The transcode process is the most complex piece of the puzzle, of course. Everything else is pretty much CRUD operations.

1 comments

> all the needed work to make the file "streamable", e.g. segmenting and encoding file parts

Pardon the probably stupid question, but is that (splitting into several files) really necessary? Isn't supporting HTTP range requests enough?

Or is it because clients tend to download the whole file, even when the listener is still at the very beginning and might skip, meaning wasted bandwidth?

Not a stupid question at all! I actually looked into byte-range requests as opposed to downloading individual segments, indeed Amazon S3 does support byte-range requests. I would think it's similar to implement, and wouldn't have as many moving parts.

When I had started the project, I saw how other streaming sites fetched their audio, and I saw a pattern in individual GET requests for segments. I thought, "Hey, they're doing this for a reason, and even though I don't fully understand this reason, maybe I should do it to." At the time, I think I justified it by thinking that someone who wants to rip the stream file would have to piece the track together versus just requesting the full track.

In the end, it really doesn't matter: anyone who is willed enough can get whatever is being sent to their client. It's one of those moments where I didn't bother to really think it through and factor in the practicality aspect. I'd like to go back and re-visit byte-range requests, though, just to see how it would work differently.

MPEG-DASH and HLS both use segments.
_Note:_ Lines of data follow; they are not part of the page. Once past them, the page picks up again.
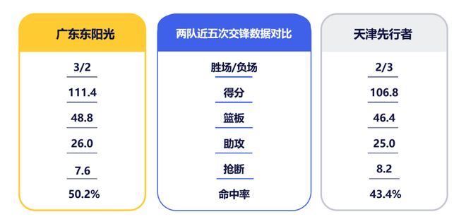 天津队的进攻效率位列第四、场均得分第五,场均助攻也进入前八。首回合并未出战的哈姆雷特以场均23.2分高居联盟第二,更有过单场狂轰40分的亮眼表现;林庭谦场均可贡献19.1分,与哈姆雷特单场可联手送出两位数以上助攻;詹姆斯在队多年,已成为球队进攻体系的关键支点。广东队此战仍需阻断对方核心球员的配合,压缩其出手空间。而在上次交手中,雷诺兹高效砍下全队最高的23分,谷泽浴也有15分进账,对此二人的防守部署也需强化。
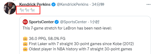 对于詹姆斯的疯狂表现,詹姆斯前队友、现担任评论员的帕金斯发推盛赞詹姆斯是历史最佳(3个山羊表情,代表GOAT历史最佳)。
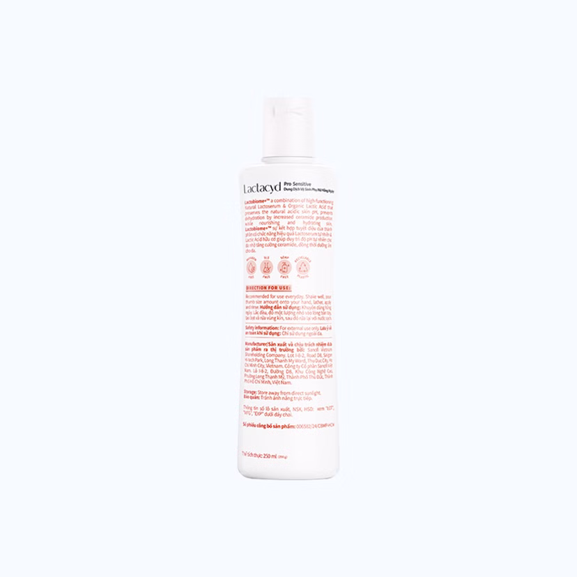 Lactacyd Pro Sensitive 250ml là sản phẩm dung dịch vệ sinh phụ nữ giúp bảo vệ, kháng khuẩn và ngăn ngừa viêm nhiễm, ngứa ngáy vùng nhạy cảm. Được chiết xuất từ sữa và Lactoserum, sản phẩm có mùi hương tinh tế và dễ chịu, thích hợp dùng hàng ngày vì đã được kiểm nghiệm da liễu an toàn với làn da.
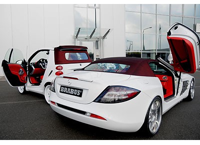 von 10: Brabus bietet ab sofort veredelte Versionen des SLR McLaren Roadster und des Smart Fortwo Cabrios als Paket zum Nettopreis von rund 587.390 Euro an.
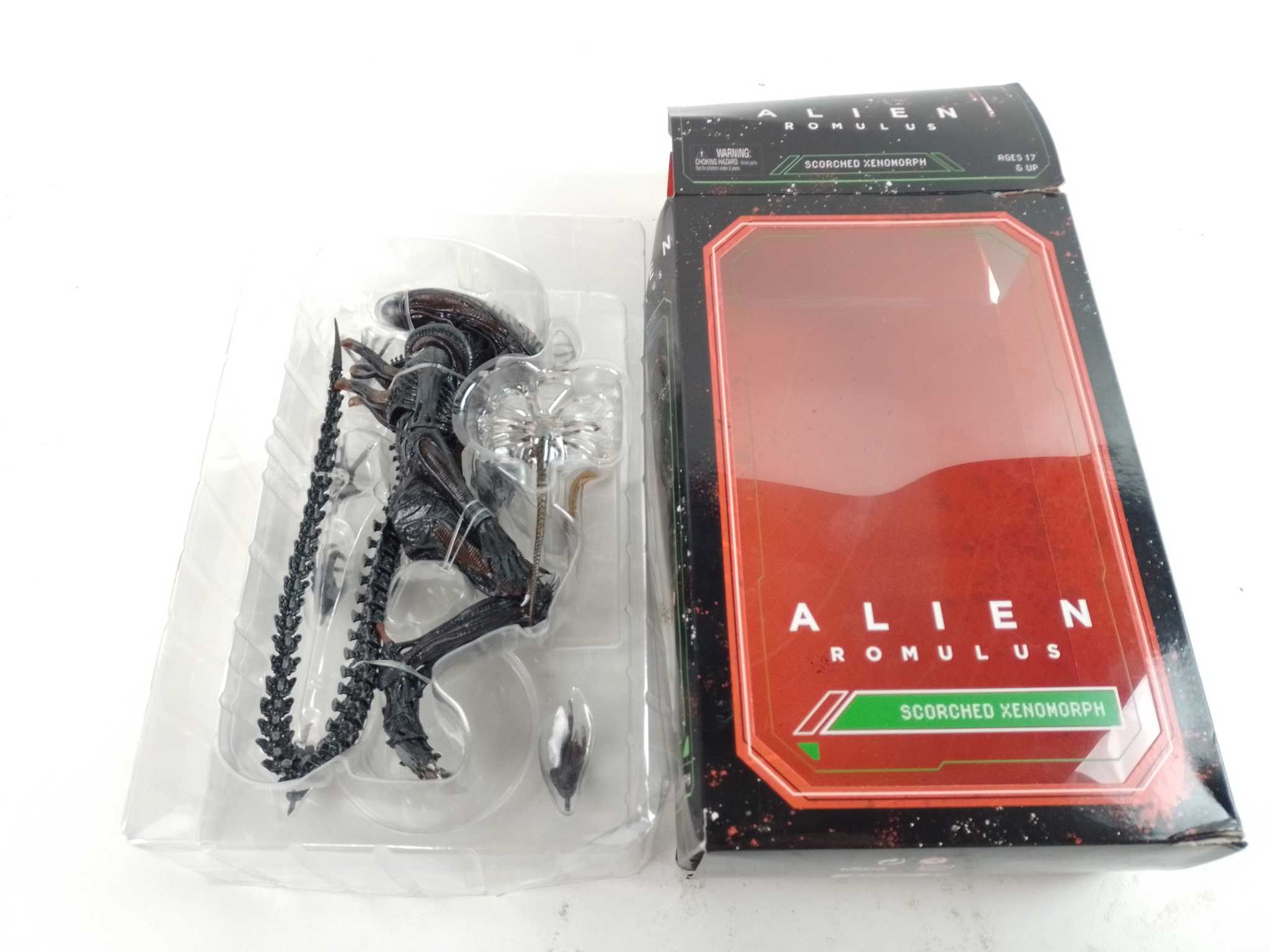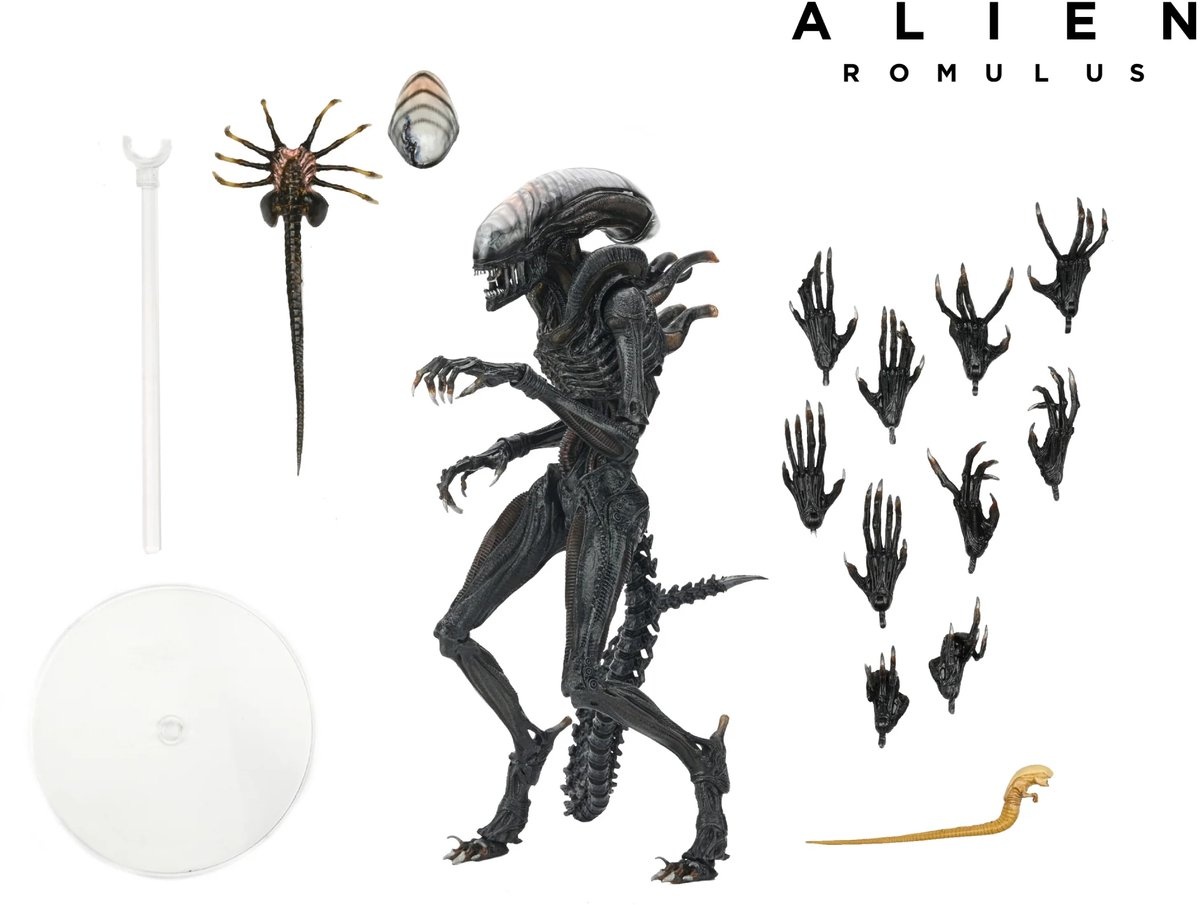 Neca Actiefiguur Alien Romulus - Scorched Xenomorph - 23cm. Ontdek de NECA Alien: Romulus – Ultimate Scorched Xenomorph (ca. 23 cm). Dit gedetailleerde verzamelfiguur heeft 23 articulatiepunten, een openende kaak met uitschuifbare inner mouth en een buigzame staart voor dynamische poses. Inclusief verwisselbare dome-onderdelen (drone-look), extra handen, facehugger, twee chestbursters en displaystandaard in window-box verpakking. Perfect voor fans van Alien en filmprops: scherm-accuraat, stevig gebouwd en klaar voor opvallende diorama’s of vitrines.

I think one reason is to allow for dynamic quality switching: if the bandwidth drops, the player can simply start pulling segments encoded at a lower bitrate. This is harder to do with byte-range, since bytes don't map to time cleanly.
As someone else who has built streaming things, HTTP range requests aren't enough all of the time.

Quite a number of older Android clients, like TVs, cheap phones, etc. don't have an up-to-date browser on them, and they will make the first range-request correctly (with a byte range that reflects the browser knows the full content-length, etc)...

But you'll have to build your own scheduling system to pull in further requests, which is painful, clumsy and doesn't always work.